You have behaved like a child; be a man, be a hunter, lie in wait for your quarry in the world of Paris, wait for your chance and your game; you need not be particular nor mindful of your dignity, as it is called; we are all of us slaves to something, to some failing of our own or to necessity; but keep that law of laws--secrecy."

"Father, you frighten me," said Lucien; "this seems to me to be a highwayman's theory."

"And you are right," said the canon, "but it is no invention of mine.

All _parvenus_ reason in this way--the house of Austria and the house of France alike.
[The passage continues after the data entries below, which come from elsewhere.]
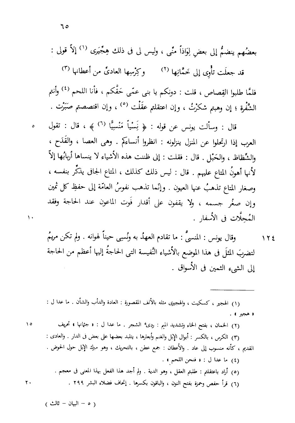 قال سألت يونس عن قوله نسيا منسيا قال تقول العرب اذا ارتحلوا عن المنزل ينزلونه أنظروا الى أنسائكم وهي العصا والقدح والشظاظ والحبل قال فقلت اني ظننت ان هذه الأشياء لا ينساها أربابها الا لانها أهون المتاع عليهم قال ليس ذلك كذلك والمتاع الجافي يذكر بنفسه وصغار المتاع تذهب عنها العيون وانما تذهب نفوس العامة الىحفظ كل شيء ثمين وان صغر جسمه ولا يقفون علىأقدار فوت الماعون عند الحاجة وفقد المحلات في الاسفار وقال يونس المنسي ما تقادم العهد به ونسي حينا لهوانه ولم تكن مريم لتضرب المثل في هذا الموضع بالاشياء النفسية التي الحاجة اليها أعظم من الحاجة الى الشيء الثمين في الاسواق@
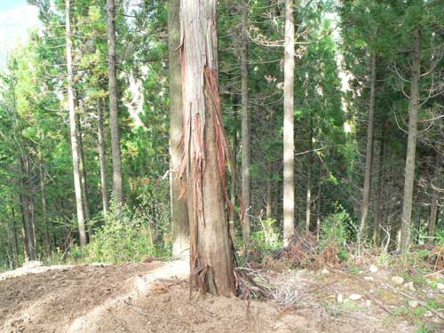 ところで、現在の私の仕事は鹿や猪、猿などの野生鳥獣関係なのですが、最近、現場を回って見てみると、鹿の食害が非常に深刻になっています。鹿ネットで囲まれた造林地でも鹿がネットを噛み切って侵入し、杉を食べてしまっています。また、天然林内でも、下草を食べ尽くしてしまい、林床内が裸地化して浸食を起こしており、森林被害は非常に深刻化してきているのです。さらに、森林被害だけではなく、植えたばかりの稲を鹿が食べてしまったり、畑を荒らしたりと、里での被害も多く、循環資源である杉などを資源として維持していくための仕組みのベースとなってきた山での生活がこのままでは困難になるのではと心配されます。この件については、私の現在の本業なので、真面目に取り組んでいきたいと思います。 |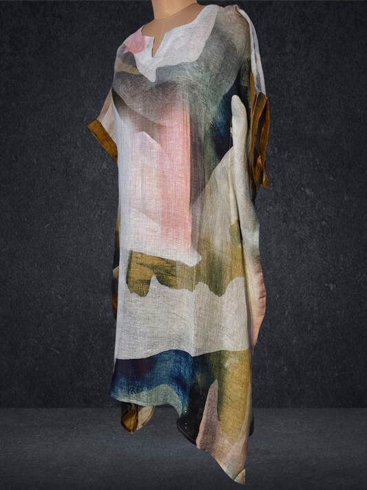 Stitched Silk Linen Kaftan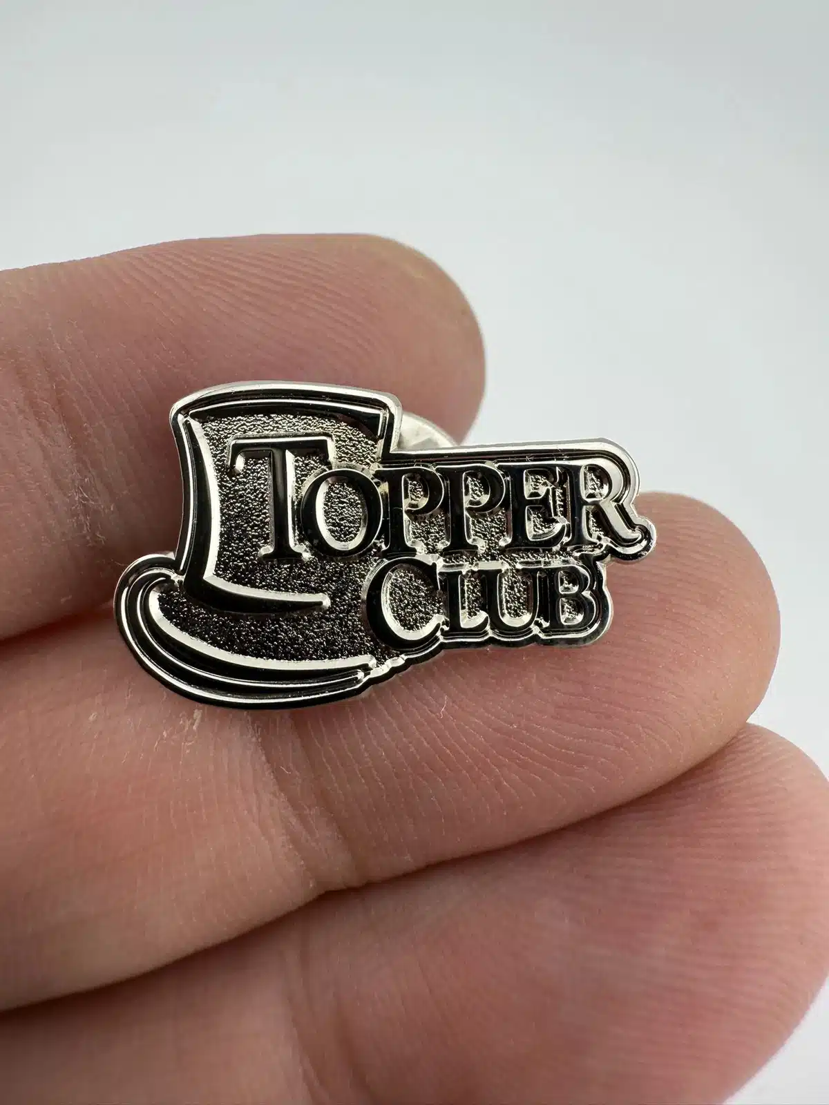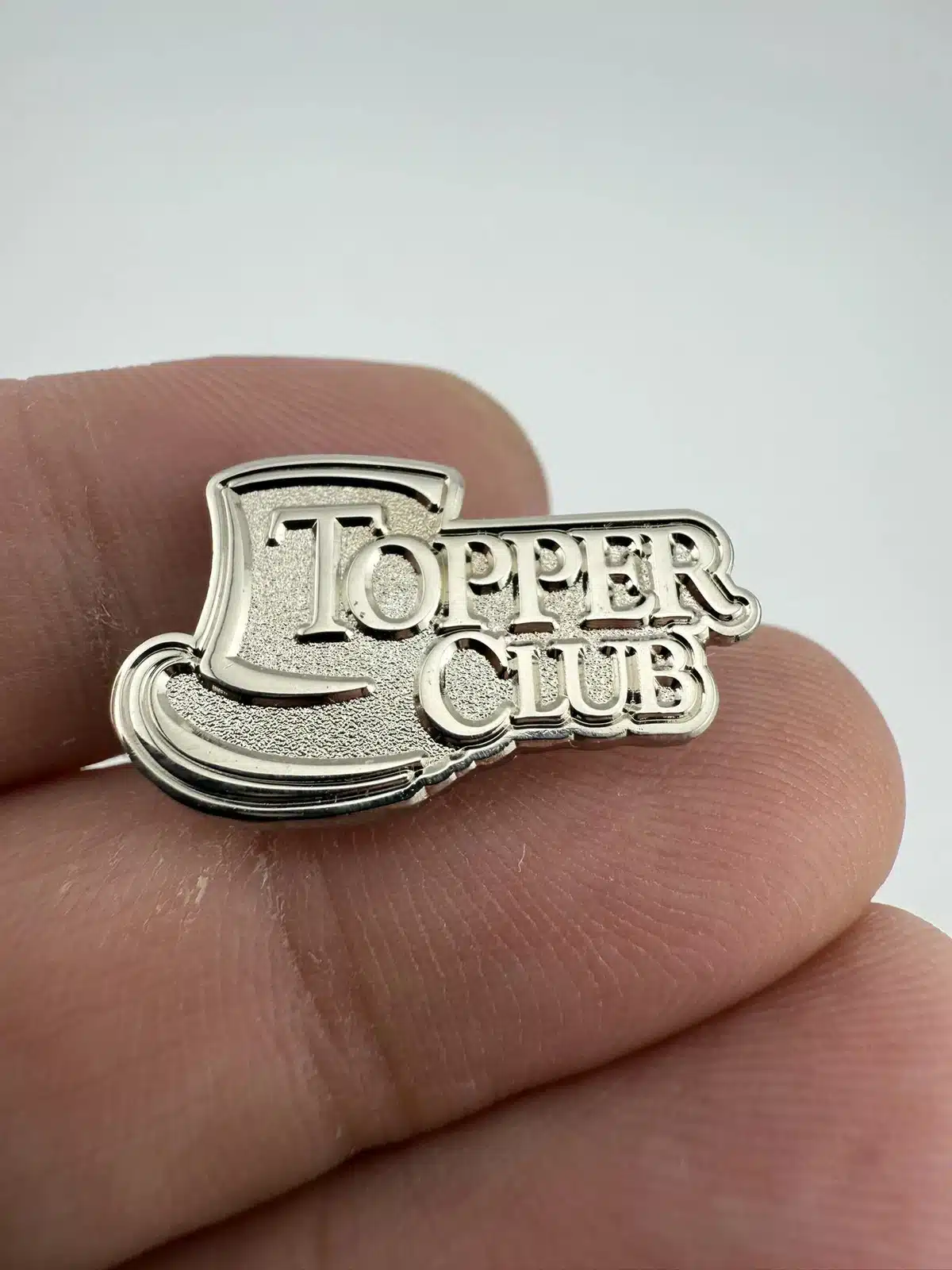 This silver tone lapel pin features the Topper Club emblem, representing the prestigious Farmers Insurance Award. The design showcases a classic motif of a top hat that highlights the achievements of top-performing agents within the Farmers Insurance organization.

You have nothing, you say? The Medicis, Richelieu, and Napoleon started from precisely your standpoint; but _they_, my child, considered that their prospects were worth ingrat.i.tude, treachery, and the most glaring inconsistencies. You must dare all things to gain all things. Let us discuss it. Suppose that you sit down to a game of _bouillotte_, do you begin to argue over the rules of the game? There they are, you accept them."